#### [Material shown]
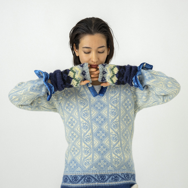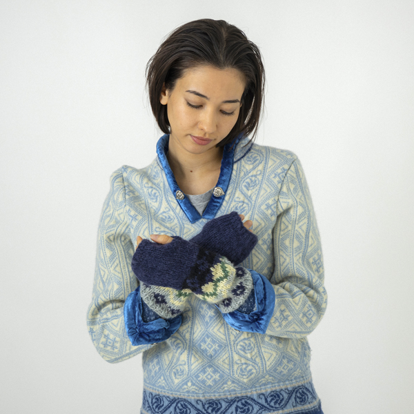 SB263-0608 HAND KNIT MIX GLOVE
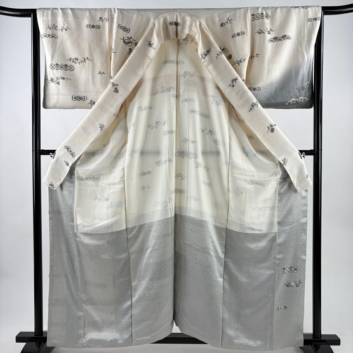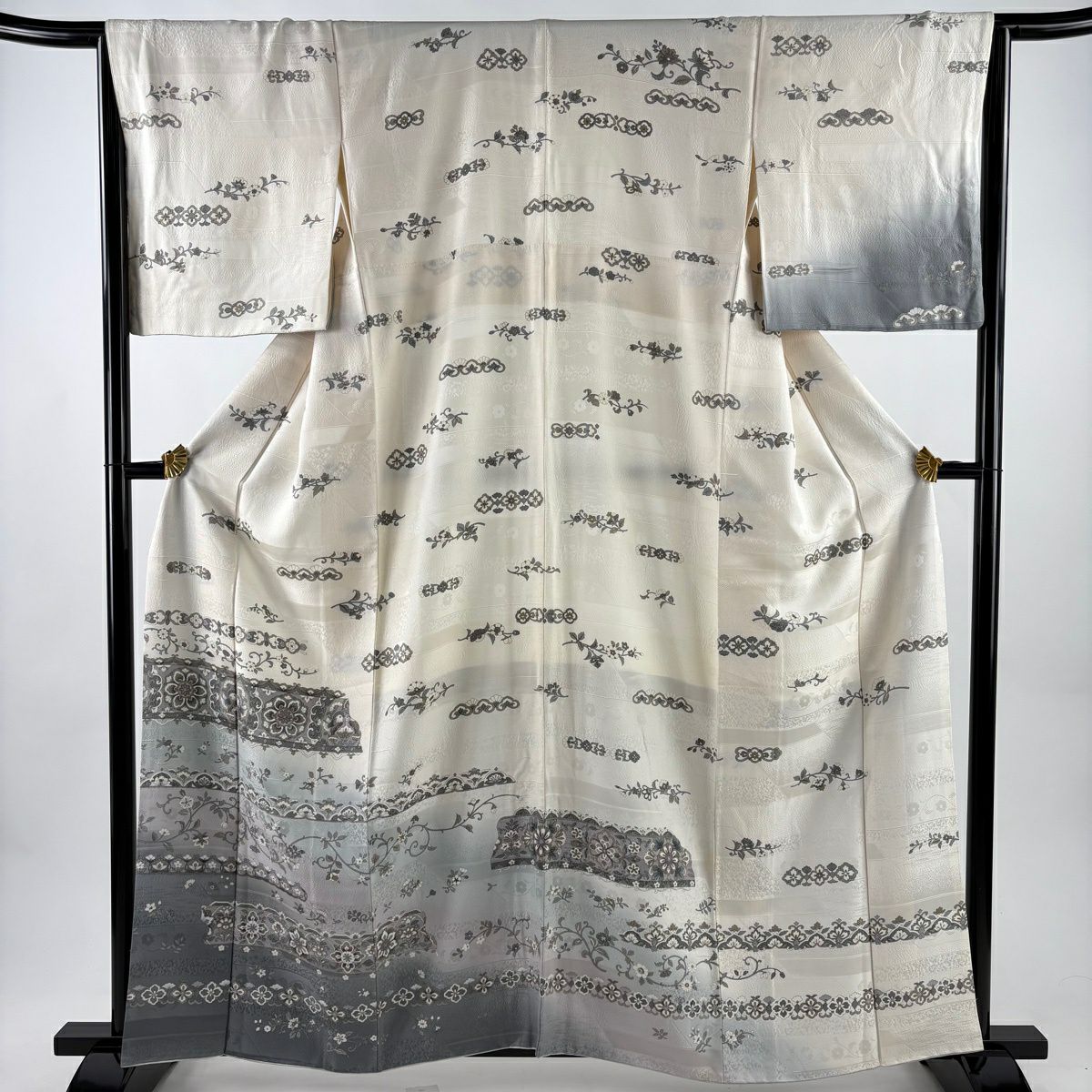 30%OFF 付下げ 身丈158.5cm 裄丈65cm M 袷 華文 向かい鳥 染め分け ぼかし クリーム 正絹 秀品 K30
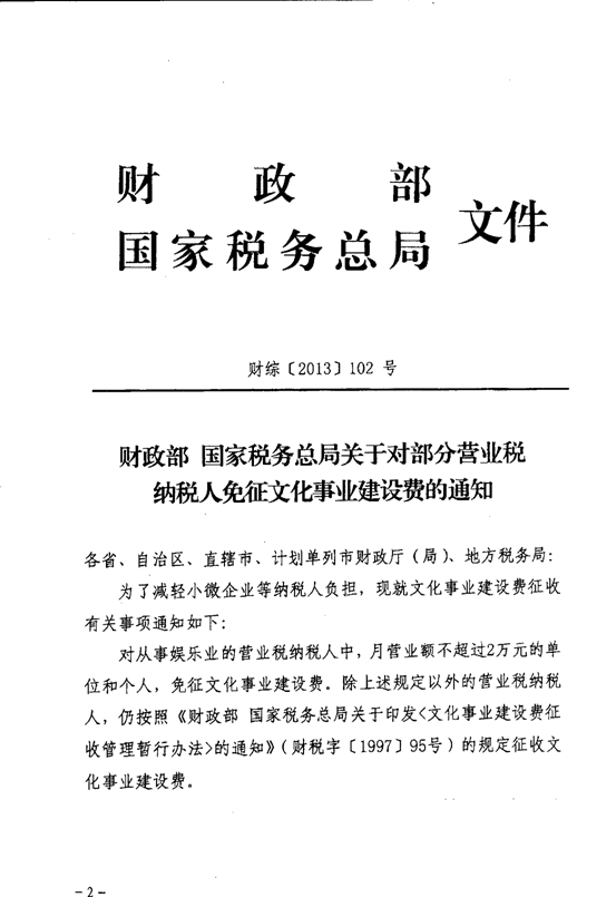 轉(zhuǎn)發(fā)財(cái)政部 國家稅務(wù)總局關(guān)于對部分營業(yè)稅納稅人免征文化事業(yè)建設(shè)費(fèi)的通知----粵財(cái)綜〔2014〕7號
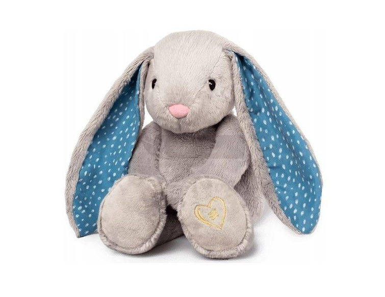 Ten Szumiący króliś-chłopczyk jest uszyty z miękkiego pluszu (najwyższej jakości), który został dokładnie przebadany w laboratoriach sprawdzających bezpieczeństwo zabawek. Wzorzyste tkaniny, zdobiące długie uszy króliczka, zostały zaprojektowane specjalnie dla marki Whisbear. Nóżkę udekorowałyśmy ozdobnym, złotym haftem w kształcie serca z logo marki Whisbear. Dzięki bezpiecznie wszytym magnesom w łapkach króliczka, zabawkę można zaczepić na ramie łóżeczka czy wózka.
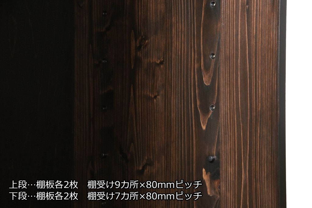棚板は取り外しできます。上段・下段ともに棚板は各2枚あります。棚受けは上段9ヶ所、80mmピッチ、下段7ヶ所、80mmピッチで調整できます。棚幅サイズのものが1枚の作りです。
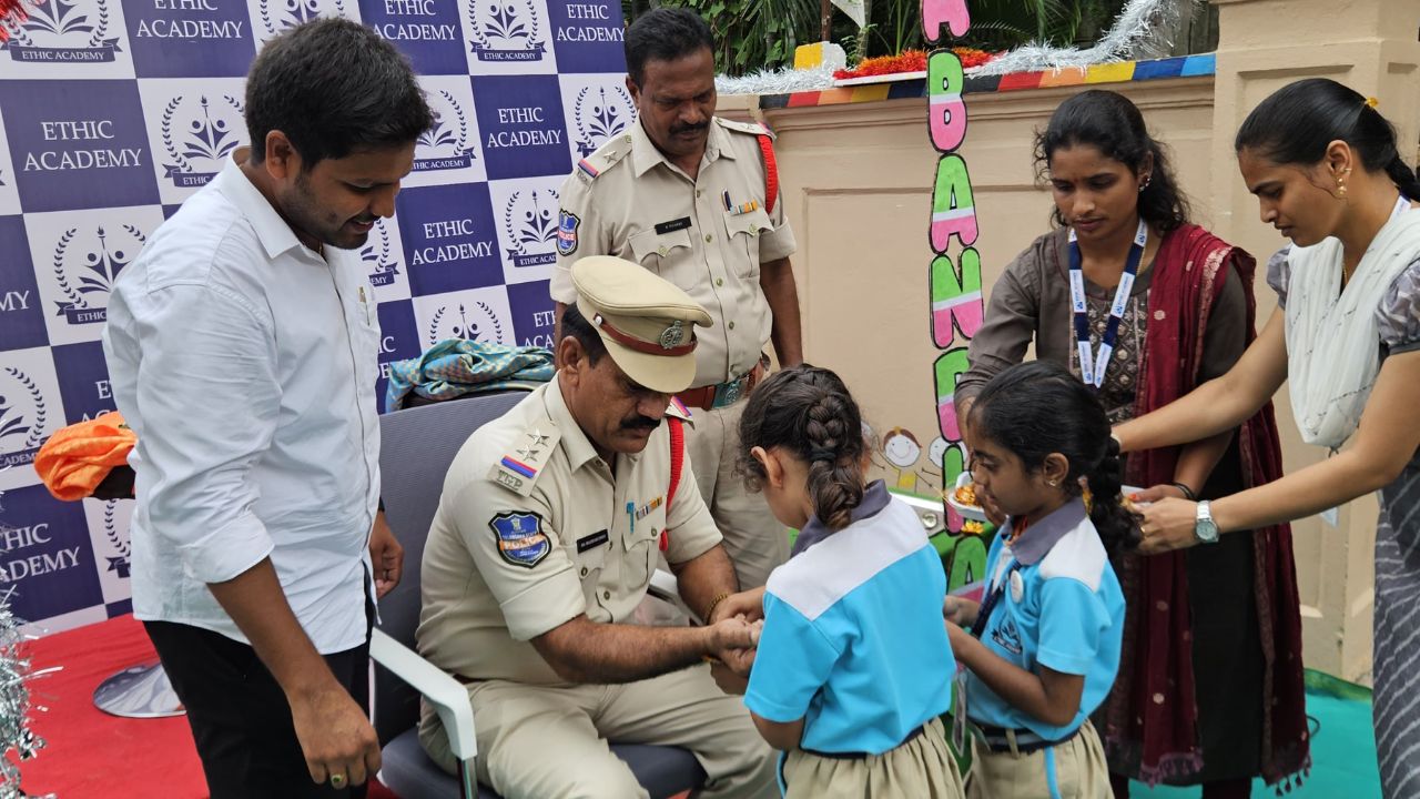Rakhi : మంచిర్యాల జిల్లా కేంద్రంలోని ఎథిక్ అకాడమీలో రక్షా బంధన్ వేడుకలు ఘనంగా జరిగాయి. ఈ కార్యక్రమంలో పాఠశాల యాజమాన్యంతో పాటు పోలీస్ అధికారులు, ఉపాధ్యాయులు, తల్లిదండ్రులు, విద్యార్థులు పాల్గొన్నారు. ఈ సందర్బంగా పలువురు వక్తలు మాట్లాడుతూ …..
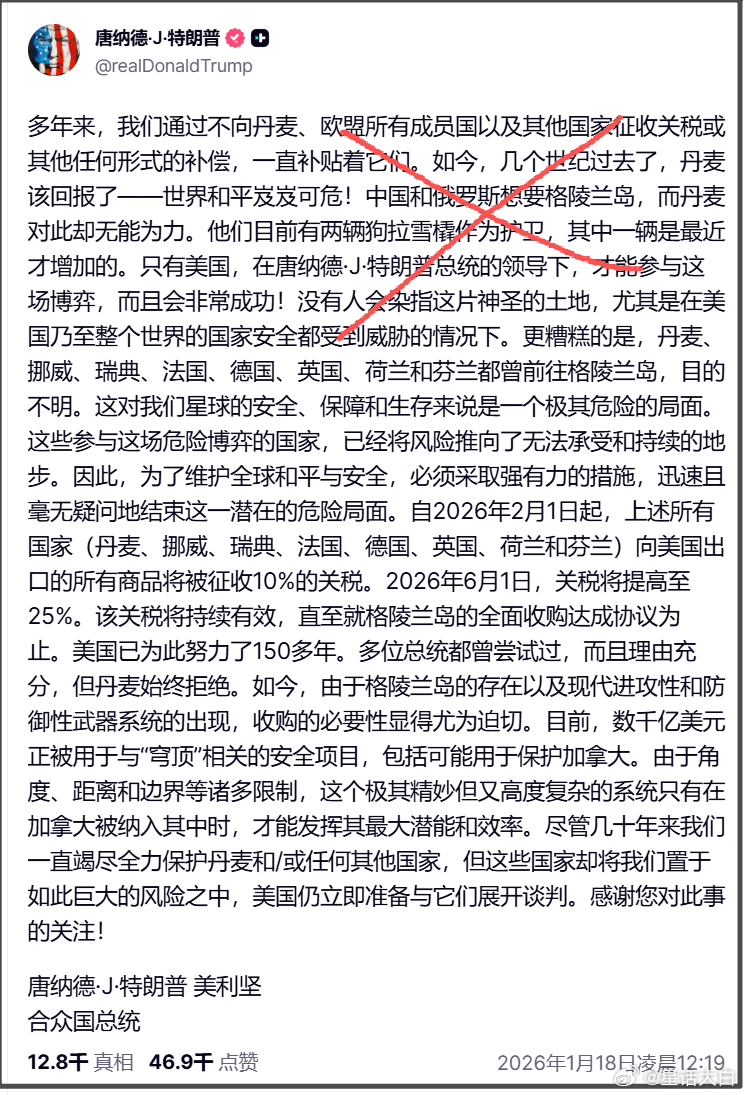 特朗普的不要脸程度,总是能一次又一次刷新我对他的认知。特朗普宣布对欧洲八国加关税的帖子里,除了明目张胆说要“全面收购”格陵兰岛之外,还贼喊捉贼说:“世界和平岌岌可危!中国和俄罗斯想要格陵兰岛,而丹麦对此却无能为力,他们目前有两辆狗拉雪橇作为护卫,其中一辆是最近才增加的。只有美国,在唐纳德·J·特朗普总统的领导下,才能参与这场博弈,而且会非常成功!”明明是特朗普自己在吞并格陵兰岛,愣是贼喊捉贼。虽然这是特朗普一贯套路,但他能把这么无耻的言论,不加掩饰的公然发表出来,还洋洋自得,说特朗普无耻,感觉都是夸他了。特朗普昨天还发了个黑白个人照,自封“税王”#荷兰称欧洲必须同美国划清界限# #特朗普称世界和平岌岌可危#

#### [Exercise brief]
Where a line contains "轉(zhuǎn)發(fā)財", begin there and set down exactly each line through the end of the data above, omitting any pictures.

#### [Written solution]
 轉(zhuǎn)發(fā)財(cái)政部 國家稅務(wù)總局關(guān)于對部分營業(yè)稅納稅人免征文化事業(yè)建設(shè)費(fèi)的通知----粵財(cái)綜〔2014〕7號
 Ten Szumiący króliś-chłopczyk jest uszyty z miękkiego pluszu (najwyższej jakości), który został dokładnie przebadany w laboratoriach sprawdzających bezpieczeństwo zabawek. Wzorzyste tkaniny, zdobiące długie uszy króliczka, zostały zaprojektowane specjalnie dla marki Whisbear. Nóżkę udekorowałyśmy ozdobnym, złotym haftem w kształcie serca z logo marki Whisbear. Dzięki bezpiecznie wszytym magnesom w łapkach króliczka, zabawkę można zaczepić na ramie łóżeczka czy wózka.
棚板は取り外しできます。上段・下段ともに棚板は各2枚あります。棚受けは上段9ヶ所、80mmピッチ、下段7ヶ所、80mmピッチで調整できます。棚幅サイズのものが1枚の作りです。
Rakhi : మంచిర్యాల జిల్లా కేంద్రంలోని ఎథిక్ అకాడమీలో రక్షా బంధన్ వేడుకలు ఘనంగా జరిగాయి. ఈ కార్యక్రమంలో పాఠశాల యాజమాన్యంతో పాటు పోలీస్ అధికారులు, ఉపాధ్యాయులు, తల్లిదండ్రులు, విద్యార్థులు పాల్గొన్నారు. ఈ సందర్బంగా పలువురు వక్తలు మాట్లాడుతూ …..
 特朗普的不要脸程度,总是能一次又一次刷新我对他的认知。特朗普宣布对欧洲八国加关税的帖子里,除了明目张胆说要“全面收购”格陵兰岛之外,还贼喊捉贼说:“世界和平岌岌可危!中国和俄罗斯想要格陵兰岛,而丹麦对此却无能为力,他们目前有两辆狗拉雪橇作为护卫,其中一辆是最近才增加的。只有美国,在唐纳德·J·特朗普总统的领导下,才能参与这场博弈,而且会非常成功!”明明是特朗普自己在吞并格陵兰岛,愣是贼喊捉贼。虽然这是特朗普一贯套路,但他能把这么无耻的言论,不加掩饰的公然发表出来,还洋洋自得,说特朗普无耻,感觉都是夸他了。特朗普昨天还发了个黑白个人照,自封“税王”#荷兰称欧洲必须同美国划清界限# #特朗普称世界和平岌岌可危#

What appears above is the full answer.